The area could be moving closer to a Vet Center that would offer counseling services to veterans and their families.
A counselor from the Boston Vet Center will hold an outreach and counseling session at 112A East Haverhill St. in Lawrence on Monday starting at 9 a.m.
The session is a trial run for a potential expansion of service out of the Boston Vet Center, laying the groundwork for having a counselor regularly available for the Lawrence and Methuen area.
“If enough people show up, he might stay longer, or reschedule for another Monday,” said Greg Debroke, a claims officer with the Lawrence chapter of the Disabled American Veterans and a Vietnam veteran. He and Don Silva, another claims officer with DAV, had been coordinating with the Boston Vet Center to bring a counselor to Lawrence or Methuen.
Jamie Melendez, the Lawrence Veterans Services officer, said he also has been in contact with Boston, and has been talking with the Lowell Vet Center about the possibility of having a counselor from there assigned part time to Lawrence.
“I definitely agree we need to have one here for the simple reason of the challenges for our veterans with transportation,” he said. “We should have one here, we need one and we definitely have the veterans population here who would use it.”
Vet Centers provide nonclinical counseling services by veterans for veterans and their families and are operated by the federal Department of Veterans Affairs. They differ from outpatient clinics, like the one in Haverhill, because they can see veterans who have been accepted into the VA medical program but who are waiting to be assigned clinical counselor.
Veterans who are accepted into the VA medical program and need mental health treatment often wait more than a year before getting assigned to a counselor. Vet Centers can fill that gap with nonclinical counseling sessions.

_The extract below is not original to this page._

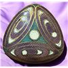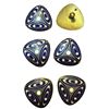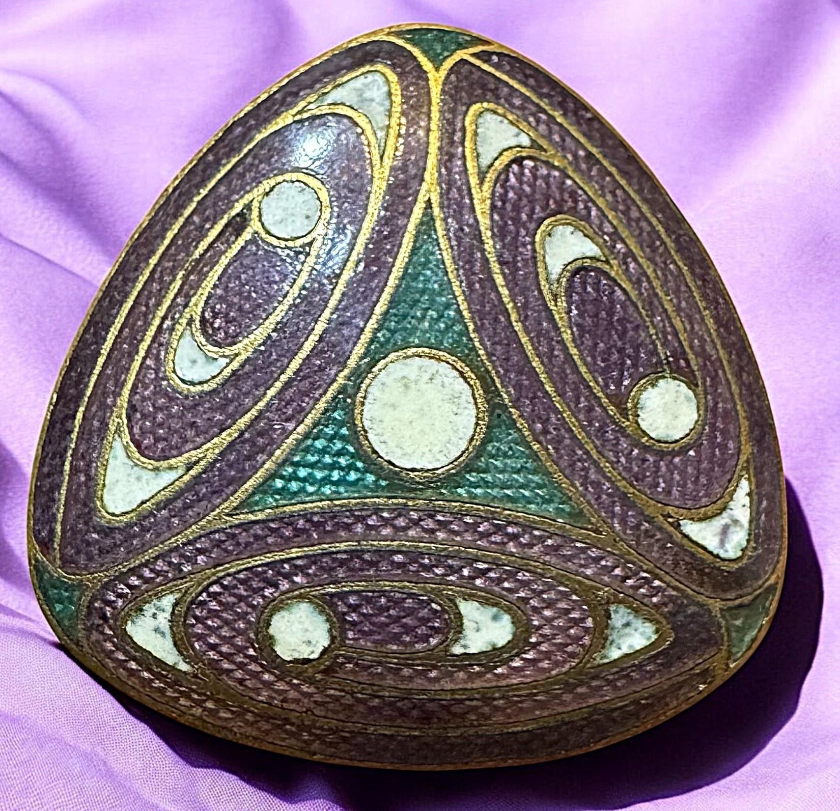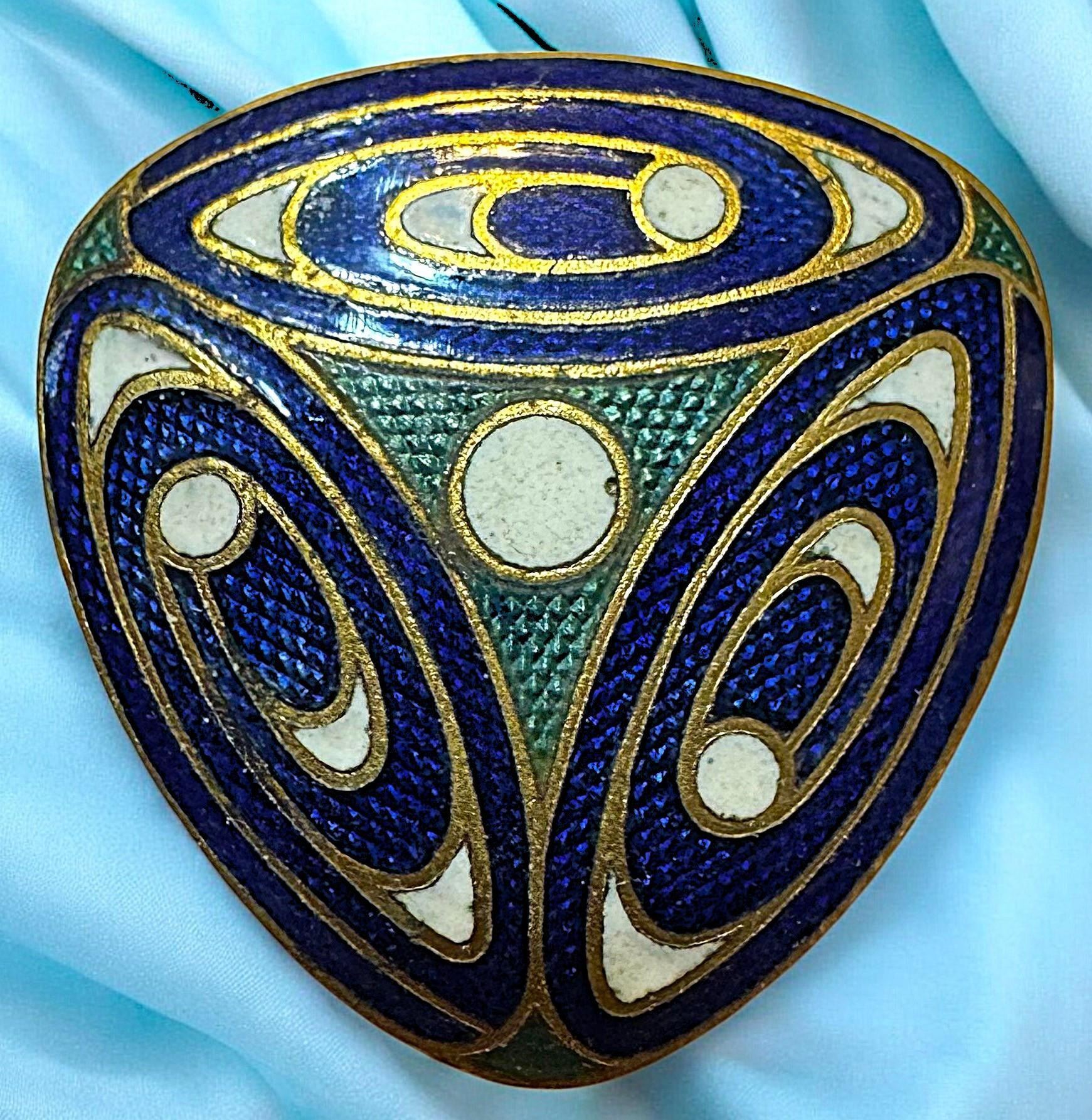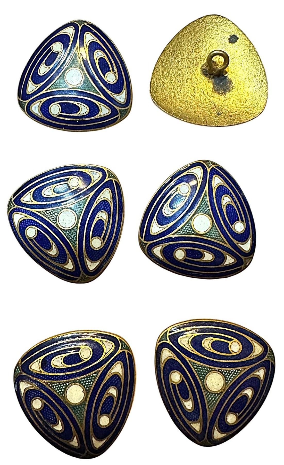 6 medium 19th century Basse Taille technique examples. This card of 6 matching designs are found here is two colors, 5 blue and1 purple. The enamel technique employed is that of Basse Taille. The unusual shape and the vibrant coloration on these make them desirable.

The nearest Vet Center is in Lowell.
The need for the centers has grown over the years with veterans from the 12-year war in Afghanistan and the war in Iraq, which began just over 10 years ago and ended in December 2011, getting diagnoses and needing treatment for post-traumatic stress disorder, depression and other issues.
At the same time, veterans from past wars still need counseling and treatment, some of them admitting it for the first time decades after their service.
Veterans suicides have spiked since 2005, as multiple combat tours took a toll on members of the armed services.
In an attempt to address the sharp increase, the VA announced last month that it has hired more than 1,000 new mental health clinical providers since last year, when retired general Eric Shinseki, the U.S. Secretary of Veterans Affairs, set a goal of hiring 1,600 in total. In August, President Obama ordered that the positions be filled by June 30.